Прибывшие политработники во главе с комиссаром бригады Провановым с раннего утра и до позднего вечера находились в подразделениях: встречались с активом, проводили с личным составом беседы, выступали на партийных и комсомольских собраниях. Ни минуты не знали отдыха. С наступлением ночи валились на кровати и спали как убитые.

— Григорий Васильевич,— в шутку пожаловался как- то комиссару Полукаров,— вот уже который день не удается написать родным письмо.

— Дай адрес, напишу за тебя,— шуткой же и ответил Прованов.

При подготовке материалов для настоящей повеет автору этих строк удалось разыскать все дофронтовые и фронтовые письма Георгия Степановича Полукарова. Написаны они чернилами, а чаще — простым или химическим карандашом, на разных клочках бумаги. Эти весточки — яркие свидетельства его горячей любви к своей Родине и семье, во имя счастья которых он сражался. Скупые, торопливые строчки, проникнутые атмосферой суровых военных будней.
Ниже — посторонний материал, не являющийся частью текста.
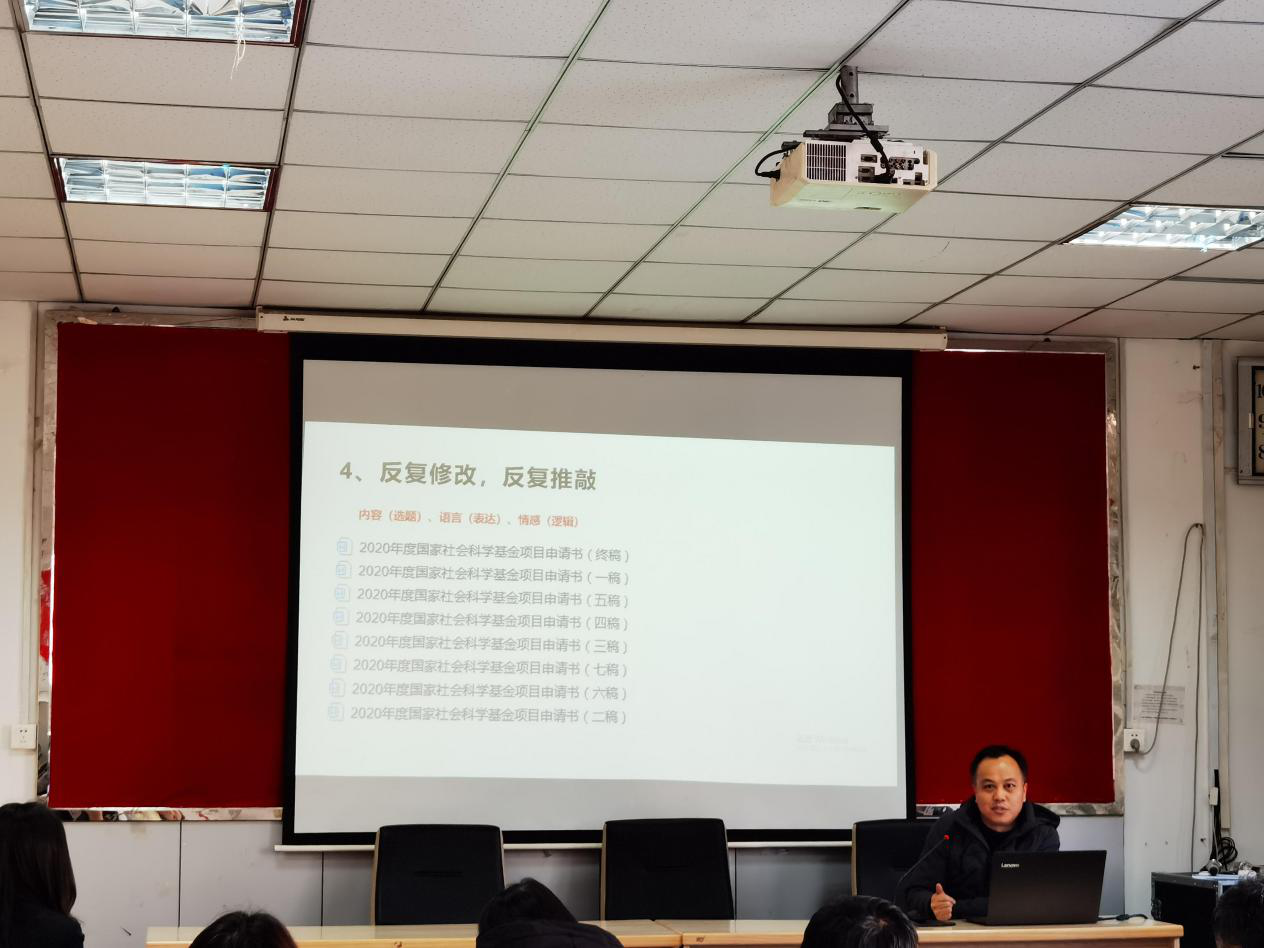 任慧颖副处长向大家介绍了我校国家社科基金申请的基本情况以及国家社科基金的评审流程,并希望大家能够继续努力,争取在2021年取得更好的成绩。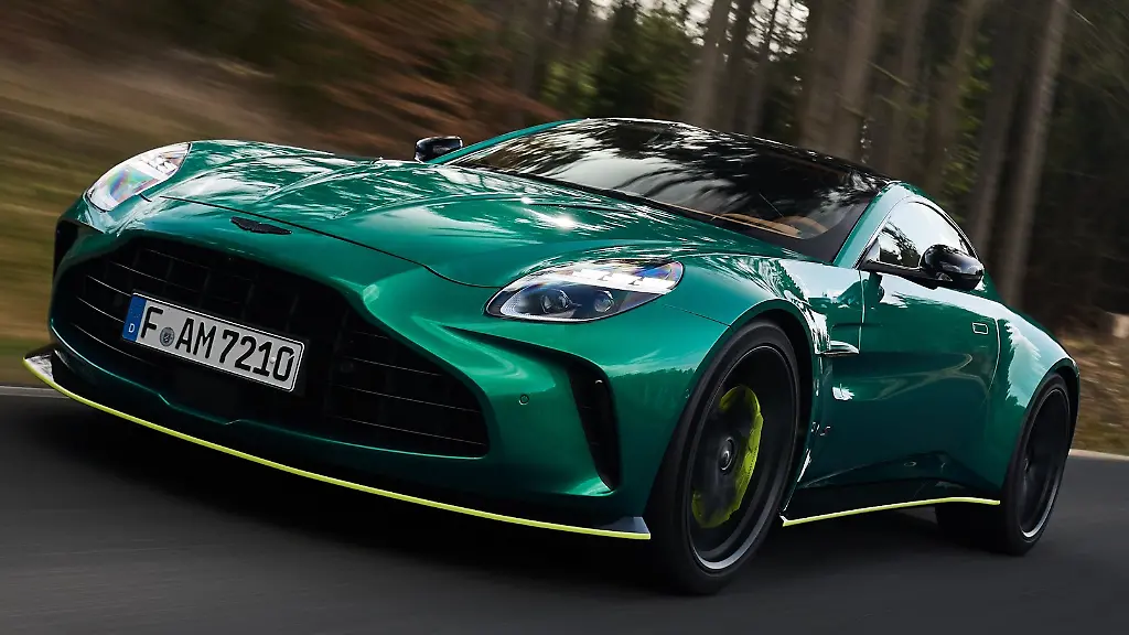 Schon im Stand ist klar: Alltagsheld will dieser Aston Martin nicht sein. Das metallisch schimmernde British Racing Green, die scharf geschnittenen Aerodynamikdetails und neonfarbene Akzente lassen das Coupé seit dem Facelift 2024 noch entschlossener auftreten. In einer Gegend, in der leistungsstarke Sportwagen zum Alltag gehören, zieht er durchaus Blicke auf sich.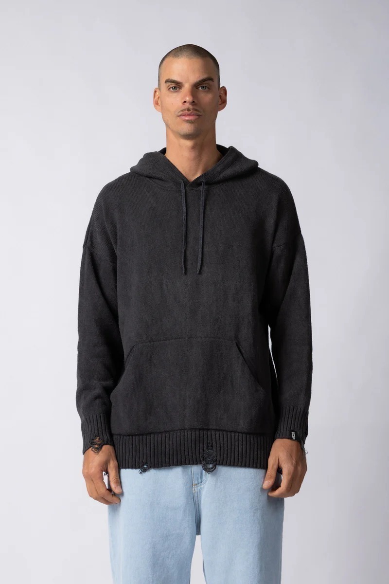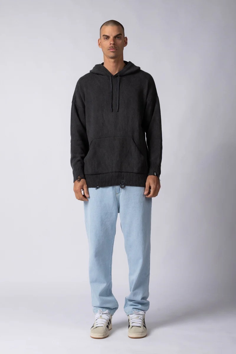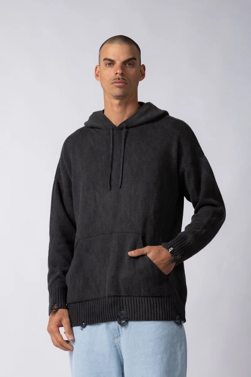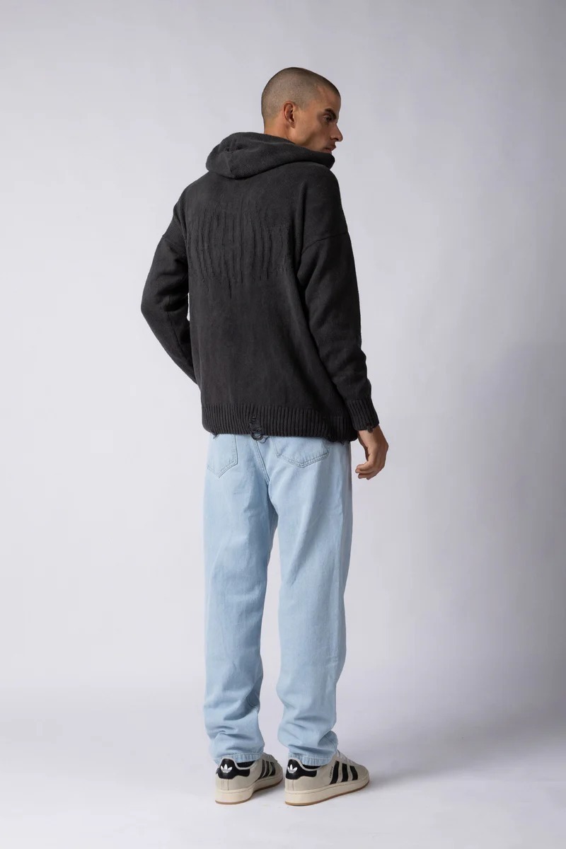 Sweater Canguro calce Oversize , tejido con punto jersey hilado de 100 % Algodón .La cintura y puños tiene un efecto de deshilachado y posee un proceso de desgaste Washed en toda la prenda. En su espalda tiene un detalle de arte tejida . Y además está personalizado con cuerito y grifa marcaria.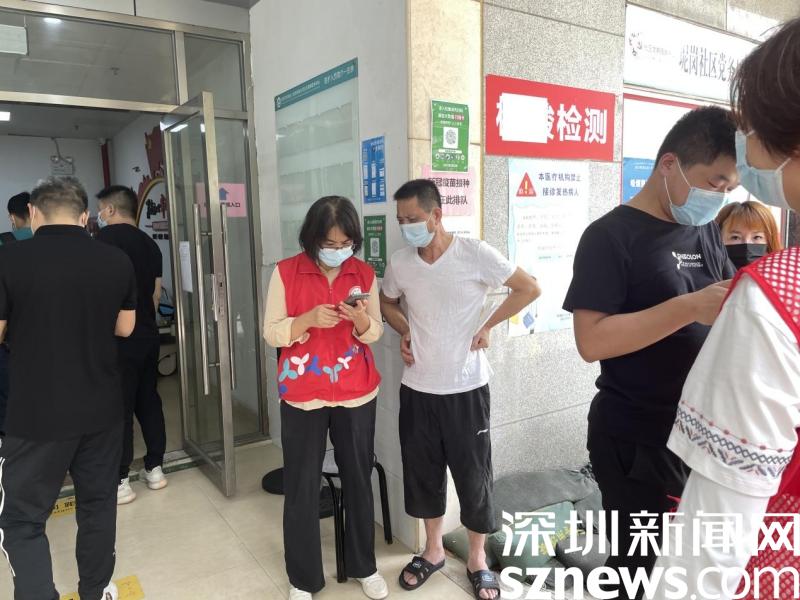 “小伙子,能幫幫我嗎?我不識字,不會用手機。”針對一部分不擅長使用手機的特殊人群,駐點社康抗疫工作人員細心、耐心地幫助其在手機上完成個人信息申報,實名認證等操作,對于沒有手機的,工作人員就用自己的手機為其填報信息,讓有需求的市民都能得到安全保障。在社區(qū)的防疫一線工作中,駐點社康抗疫工作人員身體力行黨為人民服務(wù)的優(yōu)良作風,在疫苗接種及核酸檢測的現(xiàn)場維護秩序、審核登記,為抗疫醫(yī)護工作者減輕工作壓力。

Оптимизм человека, уверенного в победном исходе правого дела. И, конечно же, слова, написанные с улыбкой. Вот несколько строк из письма жене, написанного в августовские дни переформирования бригады: "...В общем, буду глядеть всем страхам в глаза, но не моргну... Что Валька — умный мальчик, так это меня особо радует. Да и неудивительно, что умный: у таких родителей — да простит мне аллах мою скромность! — откуда родиться глупышу? А что он капризничает, то это ничего. Это значит, что в маму удался. Так что не говори, что он ни капельки на тебя не похож.

Аттестат вышлю с фронта. Придет время, покончим с этим фашистским зверьем, и снова заживем на славу..."

Георгий Степанович умел говорить с людьми просто, ясно и доходчиво. Танкисты всегда слушали его с большим интересом и повышенным вниманием. Им нравилось, что батальонный комиссар из сказанного никаких выводов вслух не формулирует, а предоставляет это делать самим слушателям.

На одной из политинформаций в 152-м танковом батальоне он сообщил:

— В июле и августе на Дону и в междуречье Дона и Волги завязались ожесточенные бои. Шестая полевая армия Паулюса и четвертая танковая Гота рвутся к Волге. Теперь там образовался почти пятисоткилометровый фронт. Именно там сейчас в значительной мере решается судьба Родины, наша с вами судьба.

Полукаров со значением оглядел танкистов, помолчал недолго.

— Значит, махнем под Сталинград,— шепнул механик-водитель Федоров своему соседу, на что тот слегка развел руками: а как же, мол, иначе, Георгий Степанович ясно выразился.

Август подходил к концу. По ночам стало прохладнее. А днем под лучами солнца березы начали отливать бледно-бордовым блеском. Порозовели нарядные тополя.

Майор Грязнов вызвал после ужина дежурного по батальону лейтенанта Садомского и предупредил его о необходимости именно сегодня ночью нести дежурство с особой бдительностью. Впрочем, танкисты и сами понимали, что период переформирования бригады заканчивается, и служба во всех сферах учебно-боевой деятельности подразделений шла без малейших послаблений.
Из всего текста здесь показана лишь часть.